One Comment on “Seed Crunchies”

  1. I regularly have an glut of leftover eggwhites so have been meaning to bake this recipe for some time and finally did. My only regret is that I didn’t get round to it before now.

    These crunchies are not too sweet, have interesting textures, and are a delightful crunch. This recipe works well as an unusual nibble with drinks as well as an way to have a sweet bite without busting through a daily ‘added sugars’ limit.

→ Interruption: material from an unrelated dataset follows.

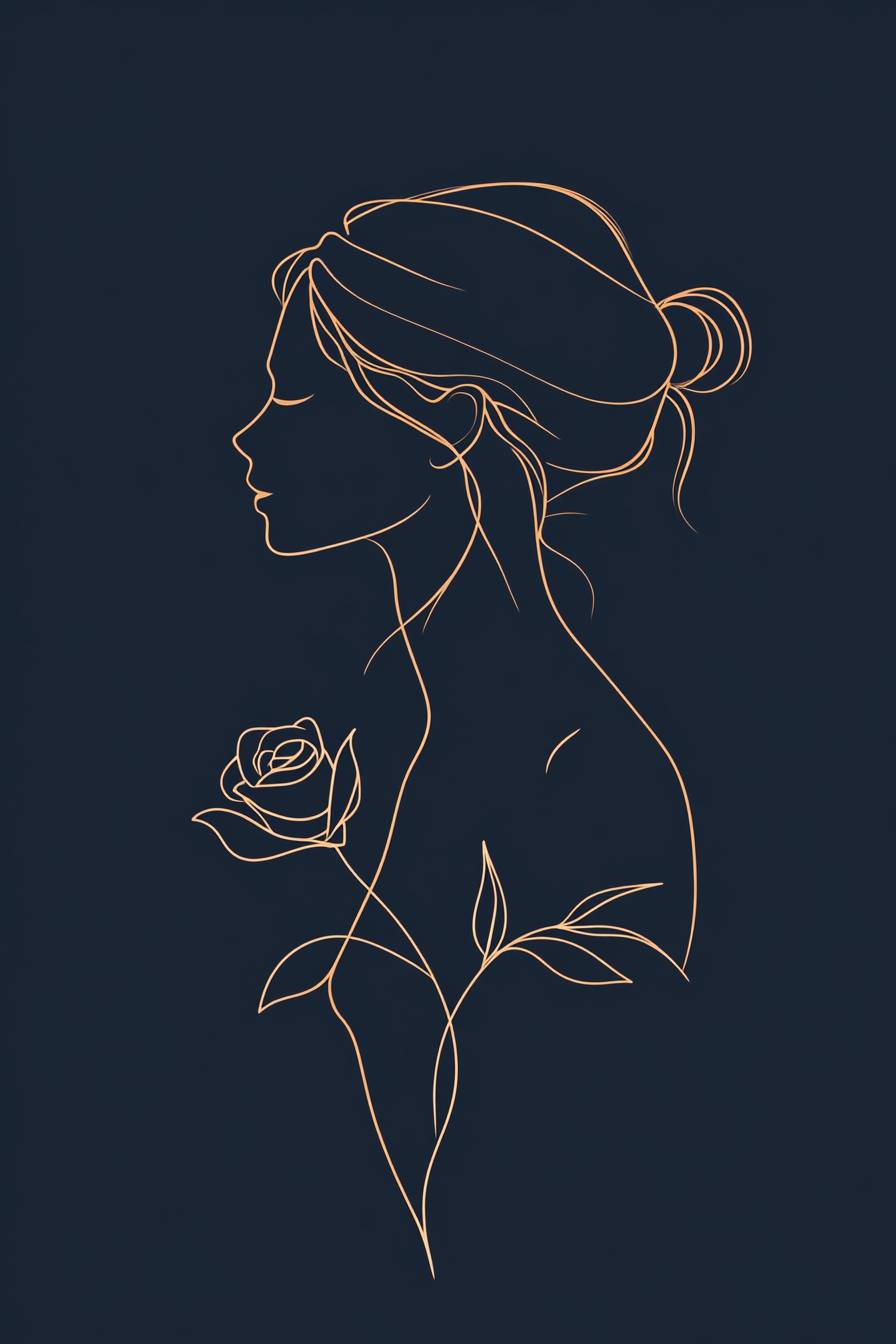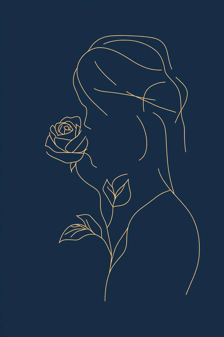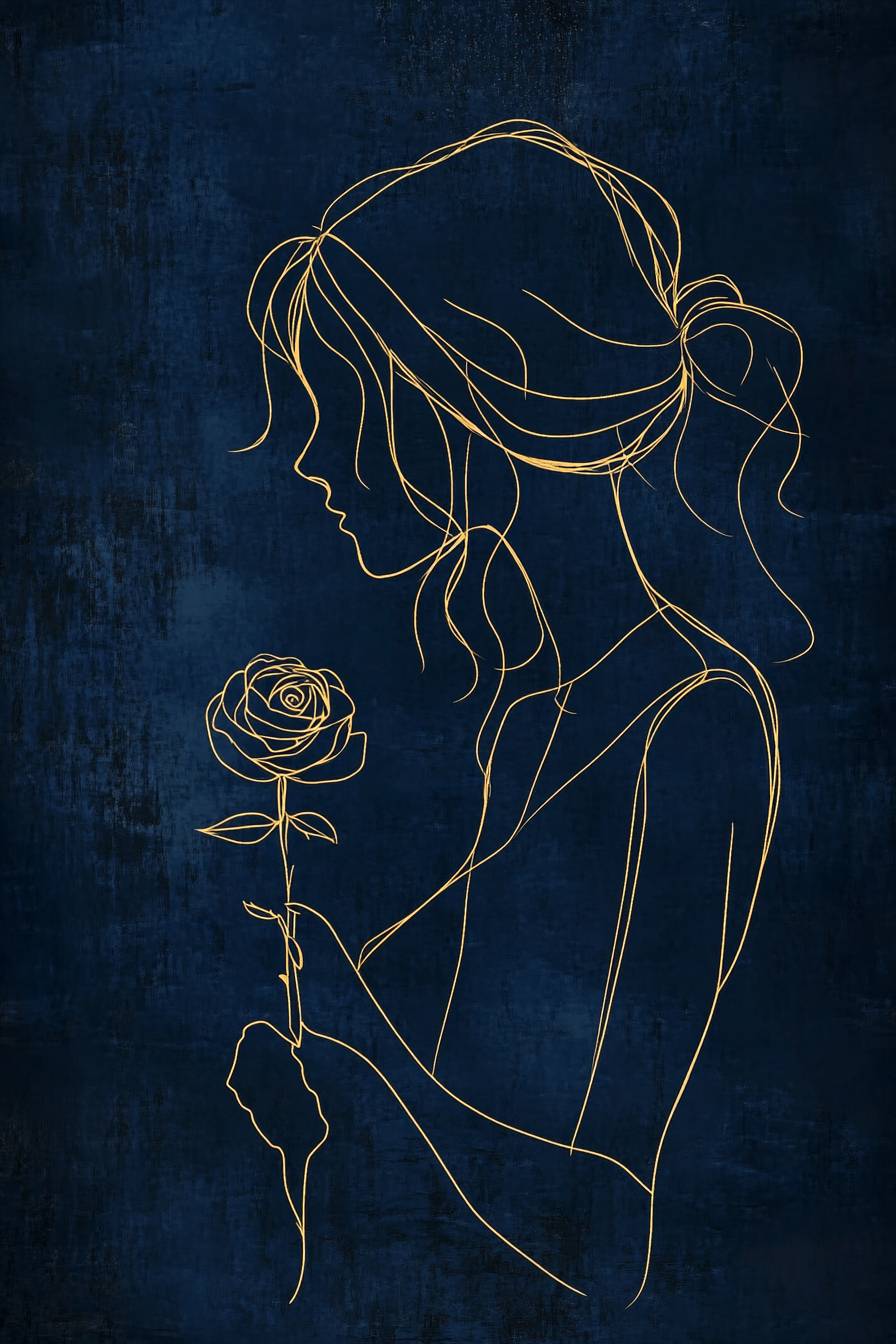 一幅簡單的線條畫,描繪了一位女性手持玫瑰。背景為深藍色,金色線條呈現,風格簡單,屬於現代藝術,使用簡單的形狀,女性身體輪廓的外形,極簡設計,簡單的木刻,單色,只使用黑白兩種顏色。

Next time, I’ll swap out the pecans for hazelnuts and in my 3rd planned batch, I’ll see if there’s anything interesting to be gained from dusting some of the meringues with a cheese powder (tho’ this would ruin their colour so I’m undecided about this).

    I initially misread the directions and made up a tray that were teaspoon sized rather than tablespoon sized before I realised my error: the mini size are, however, delightful just rather a lot of work and they call for a lot of baking sheets.

    I ran out of greaseproof paper so put some of these on one of those reusable liners – and the ones on the liner stuck considerably more than the paper, so that’s a lesson learned for next time. (I turned them upside down after peeling them off and stuck them in my dehydrator for a while during which they finished drying properly but it would have been easier if they’d dried properly in the oven on the paper.)

    I have been delighted with all of your recipes that I’ve baked to date – both from the blog and your excellent book 🙂 – so, thank you for that.